Van de Beek et al. NEJM 2010; 362: 146-154. Current Concepts. Review article.
1. Post craniotomy, one third of cases occur in first week, one third in second week, and one third after second week, up to "years" after craniotomy. The incidence is 0.8-1.5 %.
2. Internal ventricular catheter infection causes infection 4-17 % of time. Colonization at time of surgery is the most important cause, and most cases occur within one month.
3. External ventricular catheter shunts has an 8 % incidence of infection with a sharp rise after five days. Article suggests no reason to remove a catheter just because 5 days has elapsed.
4. CHT usually has a basilar skull fracture if infections occur. This is most common cause of recurrent meningitis.
5. Gram staining and culture are hallmarks of diagnosis and measurement of cells and diff may be falsely negative in many cases. especially ventricular catheters.
6. Post neurosurgery, a CSF lactate level of > 4 mmol/L has a sensitivity of 88 %, specificity of 98 %, PPV of 96 %, and a NPV of 94 % for bacterial meningitis. However, one review suggested many cases would be missed with this cutoff.
7. Antibiotics postop or post head injury should be vancomycin plus ceftazidine, cefepime, or meropenem. Goal should be serum trough of 15-20 for vancomycin. In intraventricular therapy, close the drain for an hour after the first dose. The trough should equal ten times the MIC of the antibiotic to sterilize the CSF.
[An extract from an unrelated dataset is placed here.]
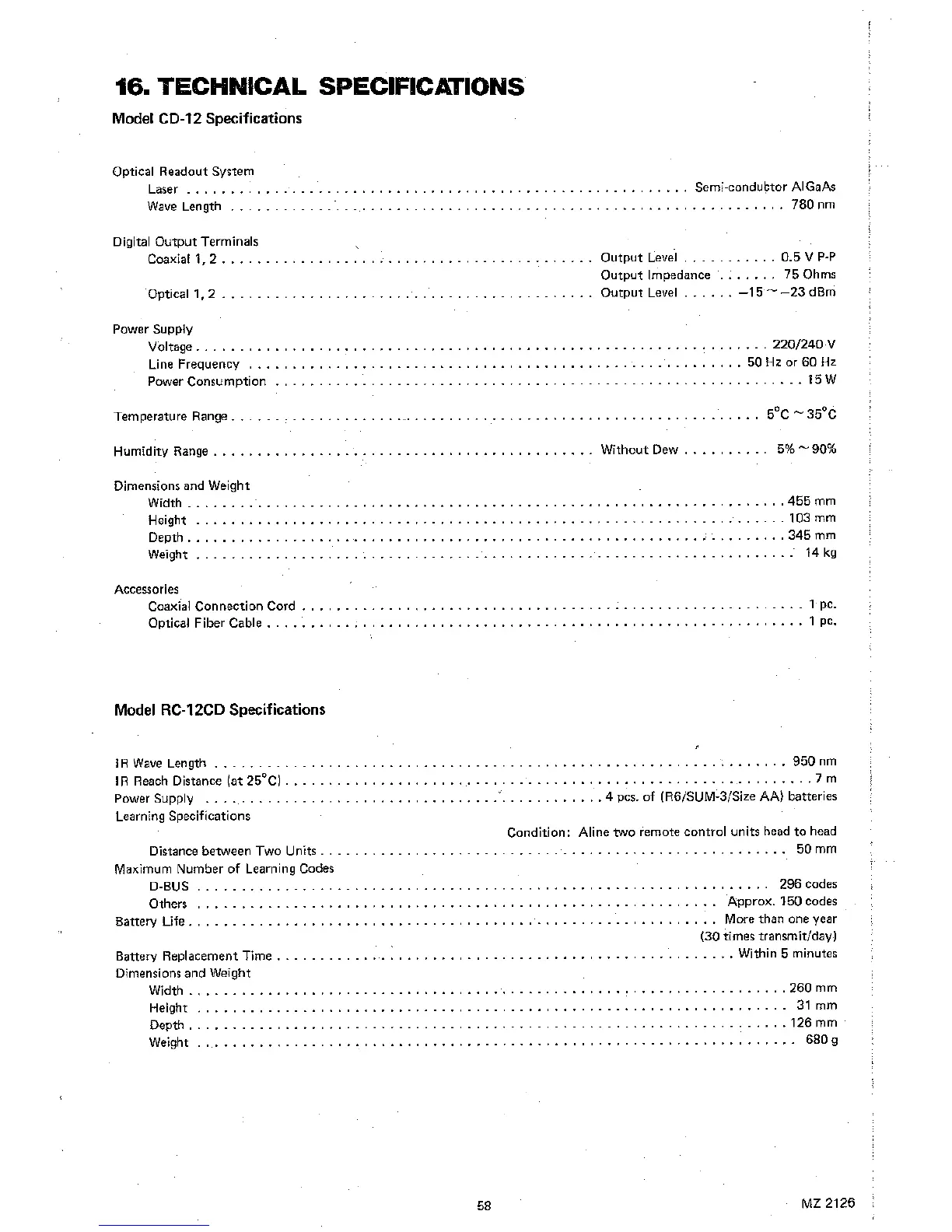 Marantz CD-95DR - 16. TECHNICAL SPECIFICATIONS

8. External lumbar catheter infection rates have been reported between .8 and 5 percent. After LP infection rate is one in 50,000 with 80 cases per year in US.
9. Acinteobacter is more common in nosocomial infections that may be resistant. Initially may use iv meropenem, with or without intrathecal or intraventricular aminoglycoside, if resistant use colistin or polymyxin B. Colistin in one study sterilized 13/14 patients and cured those. In another study, all patients treated with colistin survived.